- Directed by: B. K. Gangadhar Kirodian
- Written by: B. K. Gangadhar Kirodian
- Based on: Parati-Mangani Paddana
- Produced by: K Chandrashekar Mada
- Starring: Preetham Shetty Kadar Rajani
- Cinematography: Umapathi
- Music by: V. Manohar
- Production company: Kudradi Kuladevata Creation
- Release date: 22 September 2017;
- Country: India
- Language: Tulu

= Nemoda Boolya =

Nemoda Boolya is a Tulu language drama film based on the true story Parati-Mangani Paddana that took place 200 years ago in Bettampady near Puttur, later made into a drama of the same name. It was written and directed by B. K. Gangadhar Kirodian, and starred Preetham Shetty Kadar, Rajani in lead roles. The movie was produced by K Chandrashekar Mada under the banner of Kudradi Kuladevata Creation.
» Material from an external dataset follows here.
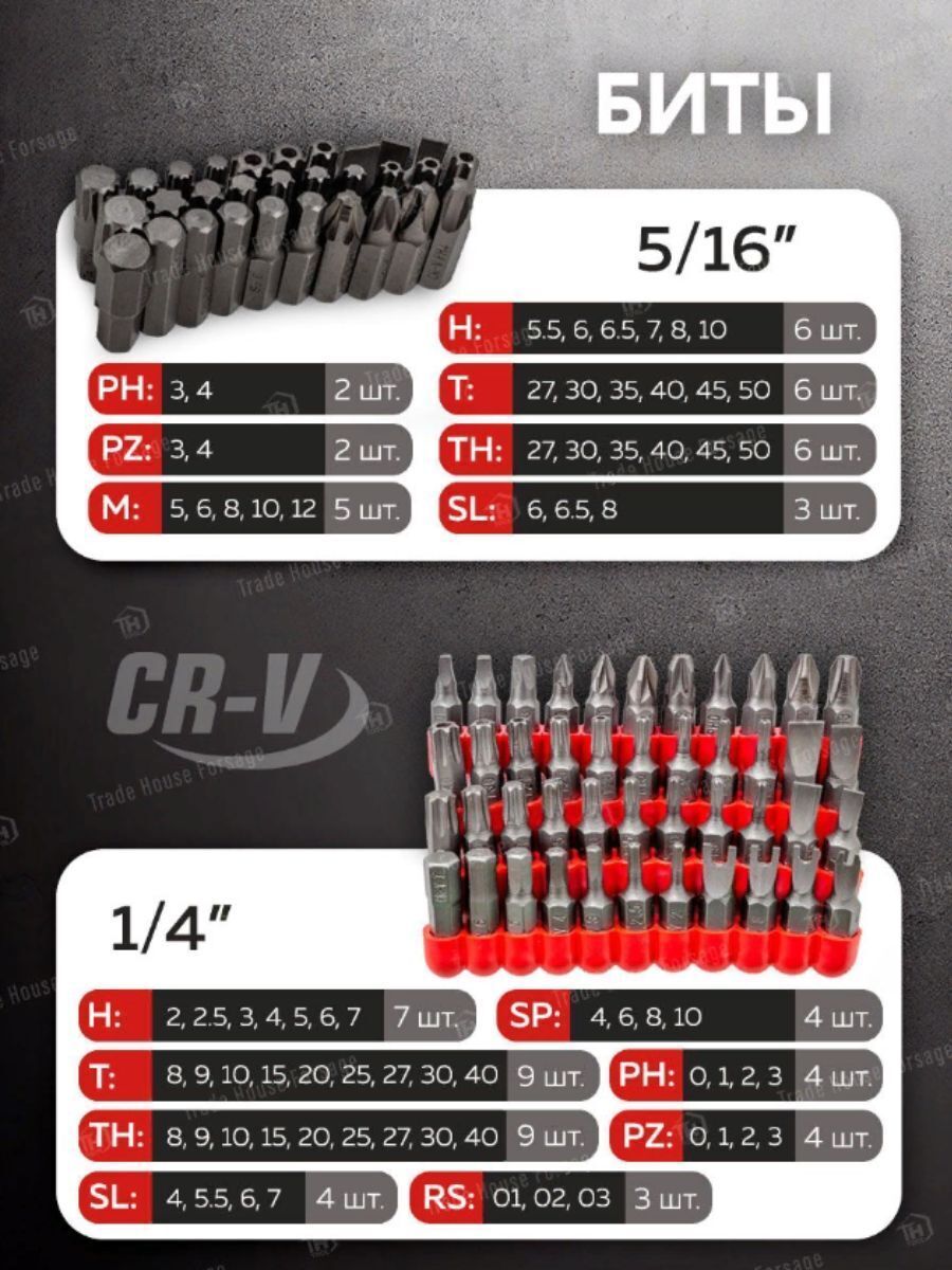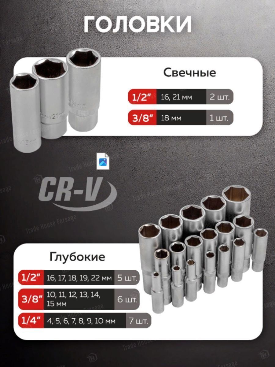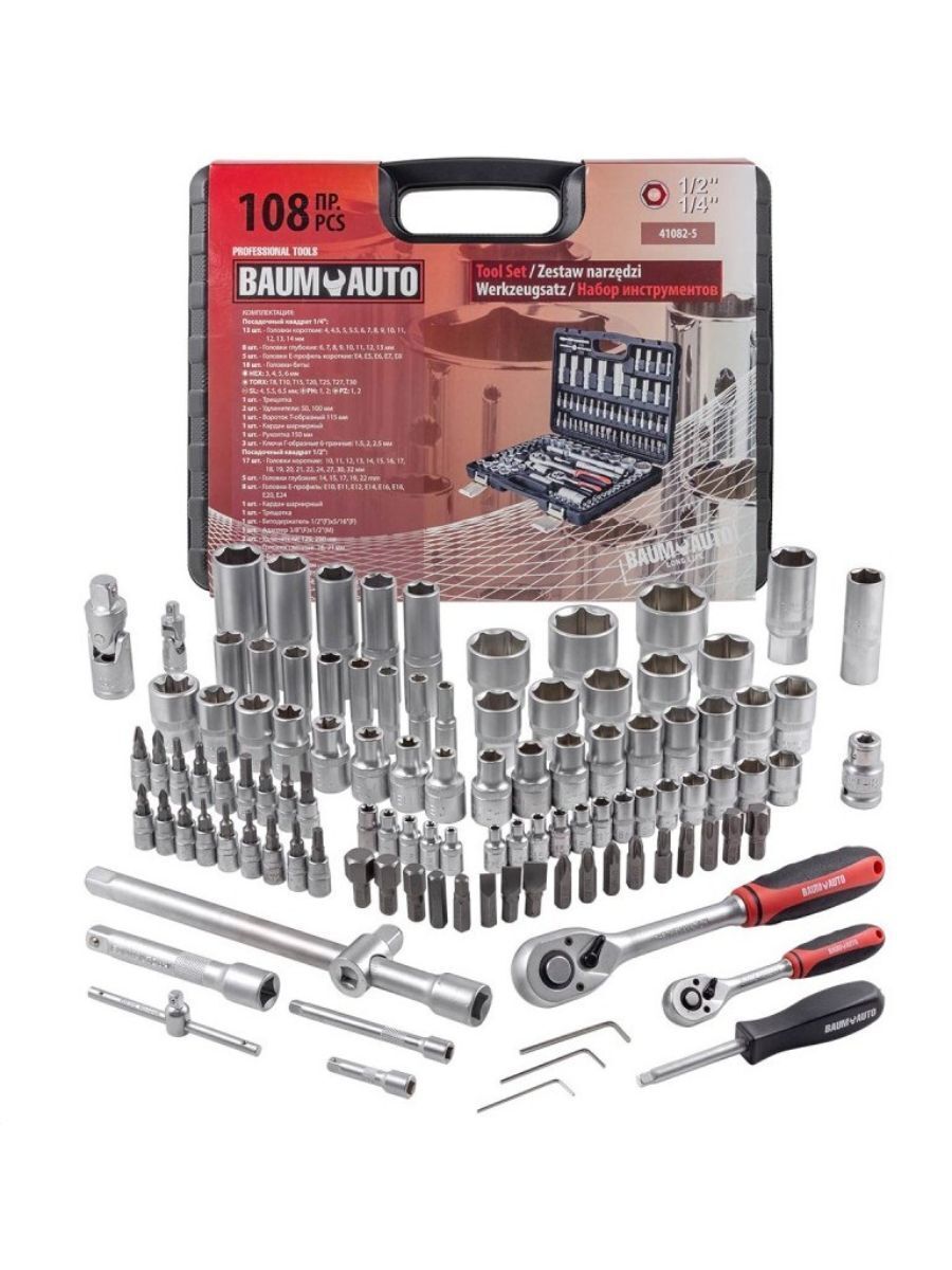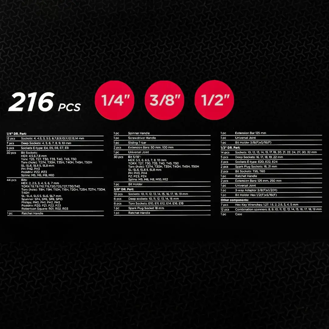 Посадочный квадрат: 1/4", 3/8", 1/2". Тип головок: 6-гранные, 12-гранные, Е-профиль, короткие, глубокие. Комплектация: головки 1/4"короткие 25 мм: 4, 4.5, 5, 5.5, 6, 7, 8, 9, 10, 11, 12, 13, 14 мм; головки 1/4"глубокие 50 мм: 4, 5, 6, 7, 8, 9, 10 мм; головки 1/4"Е-профиль 25 мм: Е4, Е5, Е6, Е7, Е8; головки-биты 1/4"HEX 35 мм: 5.5, 6, 6.5. 7 мм; головки-биты 1/4 TORX 35 мм: T25, T27, T30, T35, T40*2, T45, T50 T27H, T30H, T35H, T40H, T45H, T50H; головки-биты 1/4"Spline 35 мм: M5, M6, M8, M10; головки-биты 1/4"SL 35 мм: 6, 6.5, 8 мм; головки-биты 1/4"РН 35 мм: РН.3, РН.4; головки-биты 1/4"PZ 35 мм: PZ.3, PZ.4; биты 1/4"HEX 25 мм: 3, 4, 5, 6 мм; биты 1/4"TORX 25 мм: T8, Т10, Т15, Т20, Т25, Т8Н, Т10Н*2, Т15Н*2, Т20Н*2, Т25Н*2, Т40Н; биты 1/4"SL 25 мм: 4, 5.5, 6.5 мм; биты 1/4"РН 25 мм: РН.1, РН.2; биты 1/4"PZ 25 мм: PZ.1, PZ.2; биты 1/4"Hex security 25 мм: 3, 4, 5, 6 мм; биты 1/4"Spline 25 мм: М5, М6, М8; биты 1/4"Spanner 25 мм: 4, 6, 8 мм; биты 1/4"Tri-wing 25 мм: 1, 2, 3 мм; биты 1/4"Square bit 25 мм: S1, S2; биты 1/4"Torq set 25 мм: 6, 8, 10; трещотка 1/4"; рукоятка 1/4 150 мм; держатель бит магнитный 1/4"200 мм; вороток 1/4"Т-образный усиленный 115 мм; удлинители 1/4": 50, 100 мм; кардан шарнирный 1/4"; биты 5/16"HEX 30 мм: 5.5, 6, 6.5, 7 мм; биты 5/16"TORX 30 мм: Т25, Т27, Т30, Т35, Т40, Т45, Т50, Т27Н, Т30Н, Т35Н, Т40Н, Т45Н, Т50Н; биты 5/16"SL 30 мм: 6, 6.5, 8 мм; биты 5/16"PH 30 мм: PH.3, PH.4; биты 5/16"PZ 30 мм: PZ.3, PZ.4; биты 5/16"SPLINE 30 мм: М5, М6, М8, М10; головки-биты 1/2"TORX 55 мм: Т55, Т60; головки 3/8"короткие 12-гранные 28 мм: 10, 11, 12, 13, 14, 15, 16, 17, 18, 19 мм; головки 3/8"глубокие 63 мм: 10, 11, 12, 13, 14, 15 мм; головки 3/8"Е-профиль 28 мм: Е10, Е11, Е12, Е14, Е16, Е18; головка 3/8"свечная 18 мм; трещотка 3/8"; удлинитель 3/8"125 мм; кардан щарнирный 3/8"; головки 1/2"короткие 38 мм: 10, 11, 12, 13, 14, 15, 17, 19, 20, 21, 22, 24, 27, 30, 32 мм; головки 1/2"глубокие 77 мм: 16, 17, 18, 19, 22 мм; головки 1/2"Е-профиль 38 мм: Е20, Е22, Е24; головки свечные 1/2": 16, 21 мм; трещотка 1/2"; удлинители 1/2": 125, 250 мм; кардан шарнирный 1/2"; вороток 1/2"Т-образный 250 мм; битодержатель 1/4"(F)*1/4"(F) (HEX); битодержатель 3/8"(F)*5/16"(F) (HEX); битодержатель 1/2"(F)*5/16"(F) (HEX); ключи комбинированные рожково-накидные: 8, 10, 11, 12, 13, 14, 15, 16, 17, 18, 19, 22 мм; ключи шестигранные Г-образные: 1.27, 1.5, 2, 2.5, 3, 4, 5 мм; Пластиковый кейс с металлическими защелками.

Audio launch of this film was on 26 June 2016. The film was released on 22 September 2017.

==Cast==
- Preetham Shetty Kadar as Mynda
- Rajani as Parati Mangane
- Pradeepchandra Udupi as Annappa Ballala
- Ramesh Bhat
- Mandya Ramesh
- V. Manohar
- Raghuram Shetty

== Soundtrack ==
The music for the film was composed by V. Manohar, who also wrote the lyrics.
- "Poojalle Mudithondu" - Faneendra Krishna, Nagachandrika
- "O Madanalokada Madimale" - Badriprasad
- "Le Leyo Leyo" - Nagachandrika Bhat
- "Kanned Netharenjandi" - Chintan Vikas
- "Daivono Nambodu" - Shashank Sheshagiri, Denna
- "Denna Dennana Denna" - Prathima Bhat.